- What are markets trying to say in trading so far today?
- BOJ reportedly open to tweaking yield curve control later this year if wage momentum holds
- ECB’s Knot: It is too early to talk about a pause in rate hikes
- PBOC reaffirms to continue implementing prudent monetary policy
- Germany March PPI -2.6% vs -0.5% m/m expected
- France April business confidence 102 vs 103 prior
- Eurozone February trade balance -€0.1 billion vs -€11.3 billion prior
Markets:
- CHF leads, NZD lags on the day
- European equities lower; S&P 500 futures down 0.6%
- US 10-year yields down 3.6 bps to 3.566%
- Gold up 0.4% to $2,001.98
- WTI crude down 1.6% to $77.90
- Bitcoin down 1.6% to $28,766
It was more of a risk averse session with the bulk of the moves coming right at the European open, as stocks edged lower and bond yields falling in tandem. It seemed like broader markets are worried about higher rates weighing on economic prospects but that sentiment isn’t really shared by the FX market so far.

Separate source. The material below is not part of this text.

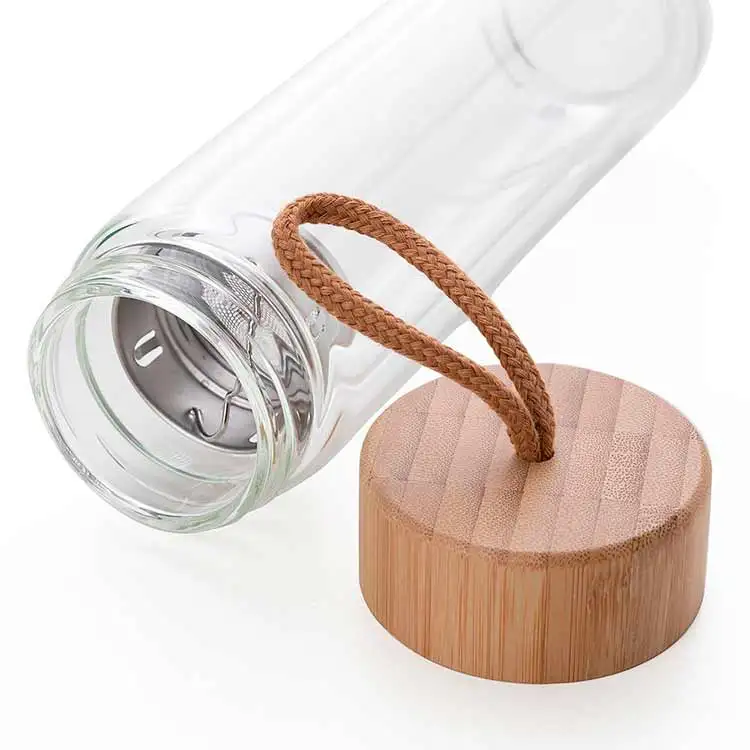 Garrafa de vidro 360ml com parede dupla e infusor de metal. Contém tampa rosqueavel de bambu e alça de tecido embutida.
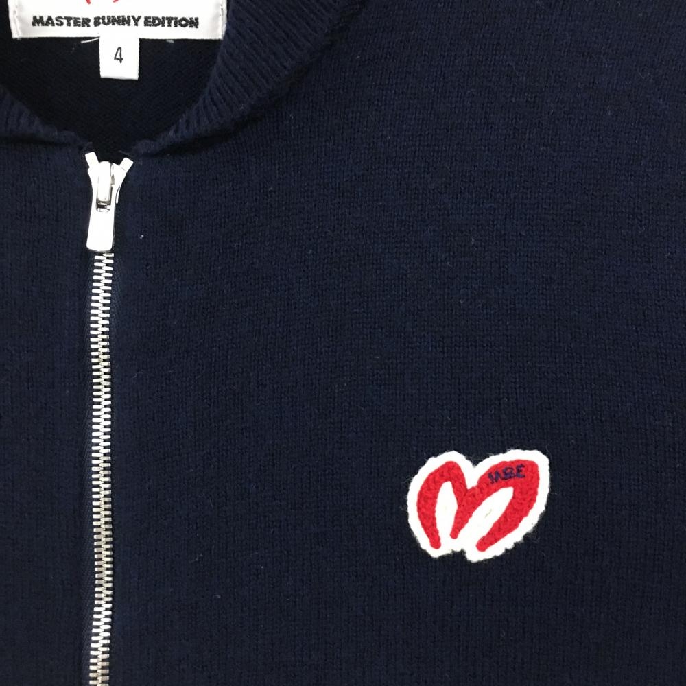 【超美品】マスターバニー ニットジャケット ネイビー ウール・カシミヤ混 ワッペン メンズ 4(M) ゴルフウェア MASTER BUNNY EDITION

The dollar is sitting more mixed and mostly little changed, with notable moves among major currencies being rather sparse on the session. The kiwi continues to sit lower, after falling in Asia trading following the softer NZ CPI data. NZD/USD is down 0.4% to 0.6175 but is off its earlier lows of 0.6150 at least.
In other markets, equities retreated early on in Europe with regional equities stumbling in the opening hour to be down between 0.4% to 0.8% mostly. US futures also fell simultaneously with the drop led by tech, before consolidating losses thereafter.
The drop in stocks coincided with a nudge lower in Treasury yields as well, with a fall observed across the curve. It might be a reaction to global growth worries but 10-year yields also ran into its 100-day moving average at 3.61% this week, so that might be something to consider as well.